Skip to main content

Word2vec : Assignment 3 (Extracurricular)

This homework is optional. Submit on Carmen by April 20 (11:59pm); strictly no late submission or alternative submission methods will be accepted for this extracurricular assignment. You may choose to do this homework in a group of two students or all by yourself.

Due to the time limitation of this 2-credit special topic course, we only got to quickly walk through some basic building blocks of the deep learning in the class. However, you may get a much better understanding by following the provided readings and implementing the algorithms in this assignment:

  • A softmax function and a sigmoid function
  • A simple neural network with back propagation
  • Word2vec models (Skip-gram, CBOW) with negative sampling

You will also apply your implemented Skip-gram model with negative sampling to train semantic word vectors on the Stanford Sentiment Treebank (SST), and visualize them.

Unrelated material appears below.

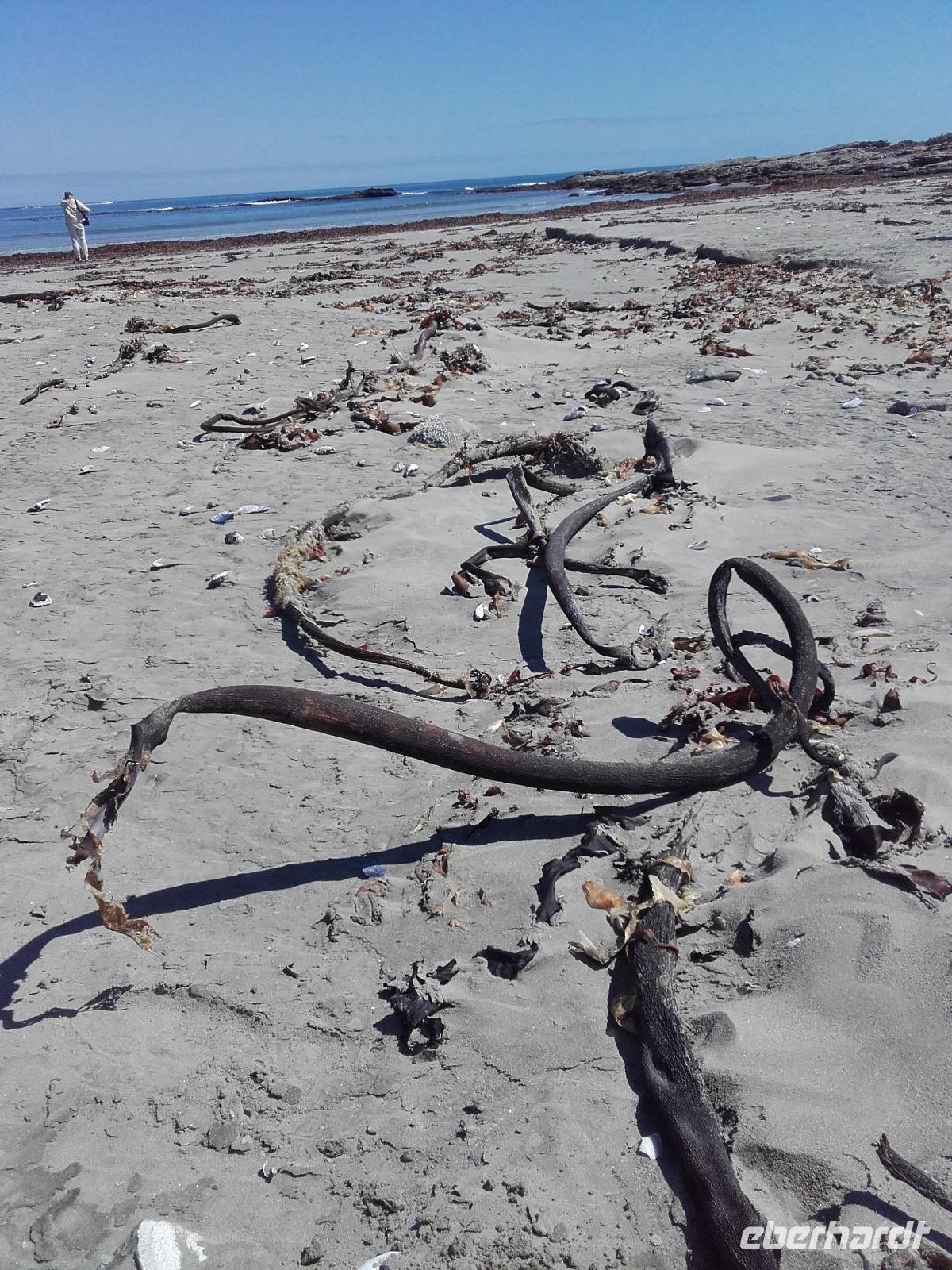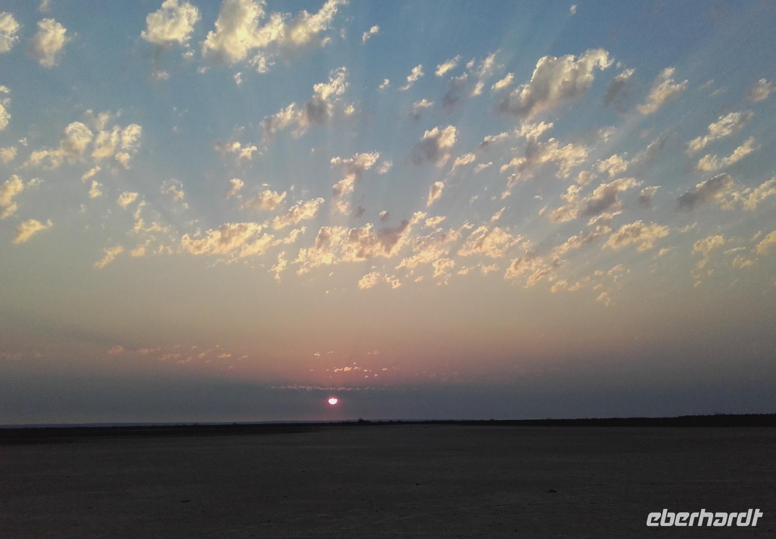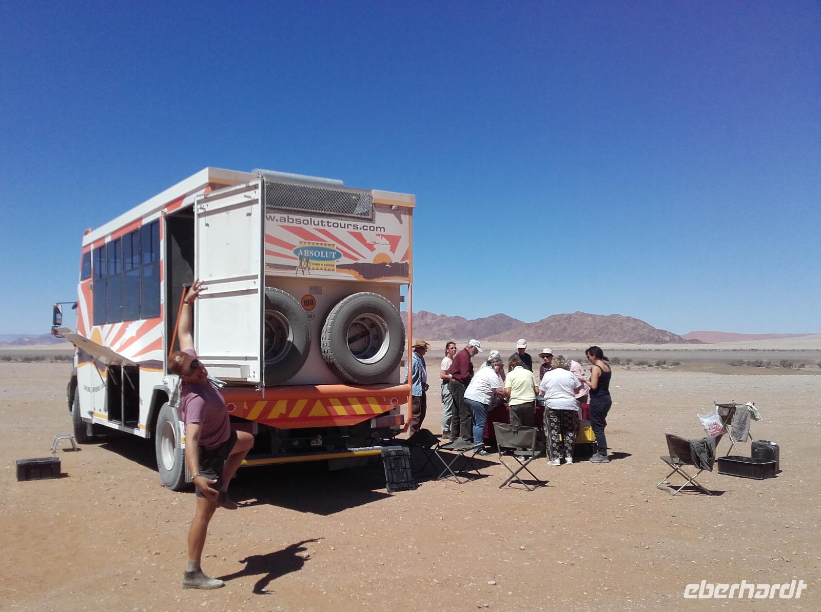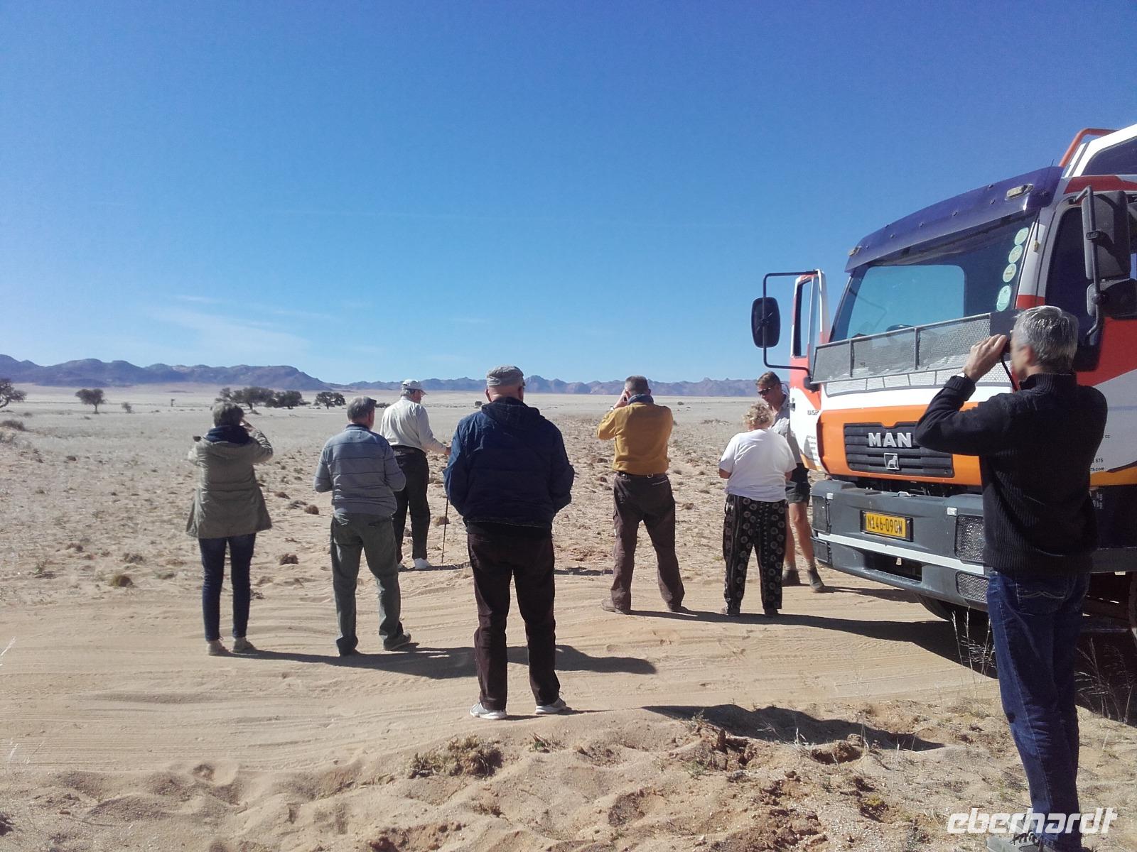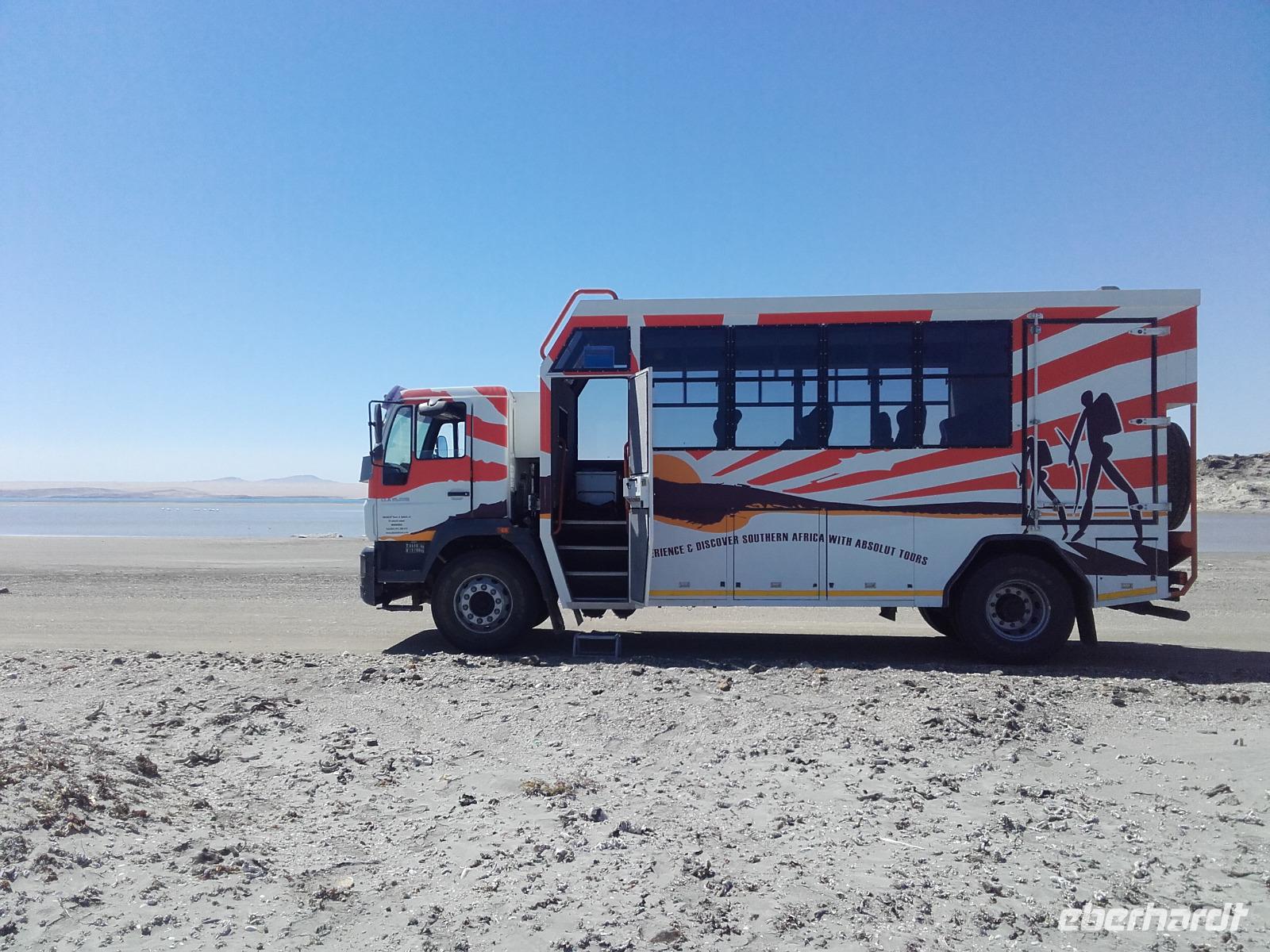 Aus der Wüste wollen wir zurück an die Küste. Dafür geht es erneut über den Wendekreis des Steinbocks, wir nähern uns dem nördlichen Teil unserer Reise. Das mit dem „Wir wollen raus aus der Wüste" ist gar nicht so leicht, denn diese zieht sich tatsächlich bis vor an die Küste und verschwimmt übergangslos zu was man einen Sandstand nennen würde. Also wird es ein rumpumpeliger Fahrtag, damit unser Truck auch mal wieder auf seine Kosten kommt.

You will find this documentation very helpful.

Instructions

You will use Jupyter Notebook, an interactive Python programming and data visualization tool, for this homework. You can follow this guide to install Anaconda, that conveniently includes Python, the Jupyter Notebook and other commonly used packages for scientific computing and data science. The starter code is tested for Python 3.4 that you are recommended to use.

You can download the homework assignment zip file from Piazza that contains the starter code, some visualization, and explanatory text. Then, open the included *.ipynb file in the Jupyter Notebook and follow all the instructions to do your work there.